▶ About this exercise:
Retype the lines below exactly, but only those from the line that has "Juniper White Ethnic" through the line that has "Hispanic woman standing". Omit every picture.
------ Supplied entries
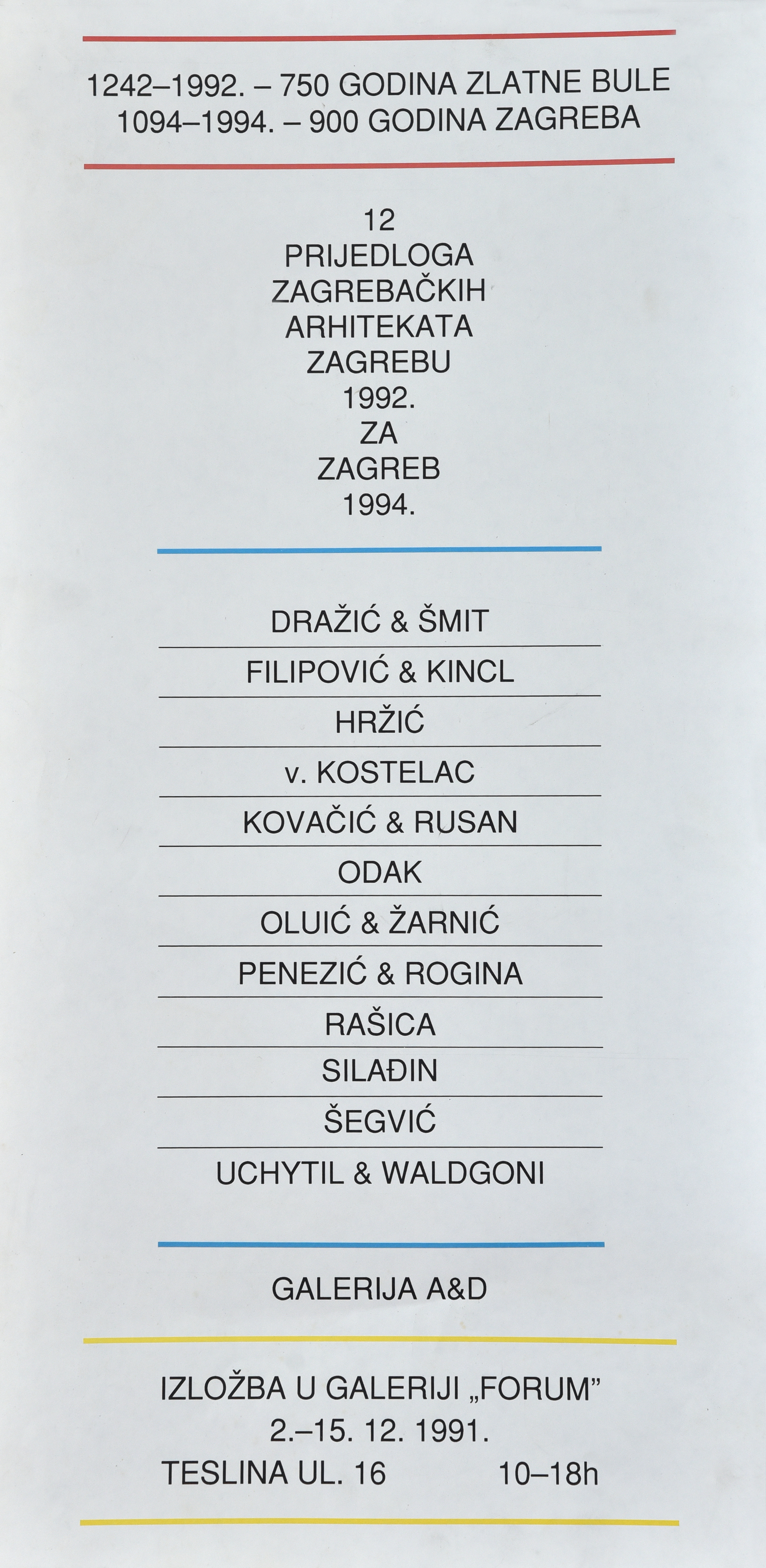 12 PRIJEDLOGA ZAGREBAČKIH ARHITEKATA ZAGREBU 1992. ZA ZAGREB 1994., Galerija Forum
------------
------ Supplied entries
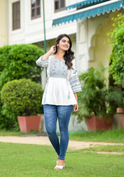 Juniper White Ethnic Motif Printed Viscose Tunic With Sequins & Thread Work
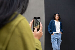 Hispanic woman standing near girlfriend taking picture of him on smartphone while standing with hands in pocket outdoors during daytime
------------
▶ Exercise answer:
 Juniper White Ethnic Motif Printed Viscose Tunic With Sequins & Thread Work
 Hispanic woman standing near girlfriend taking picture of him on smartphone while standing with hands in pocket outdoors during daytime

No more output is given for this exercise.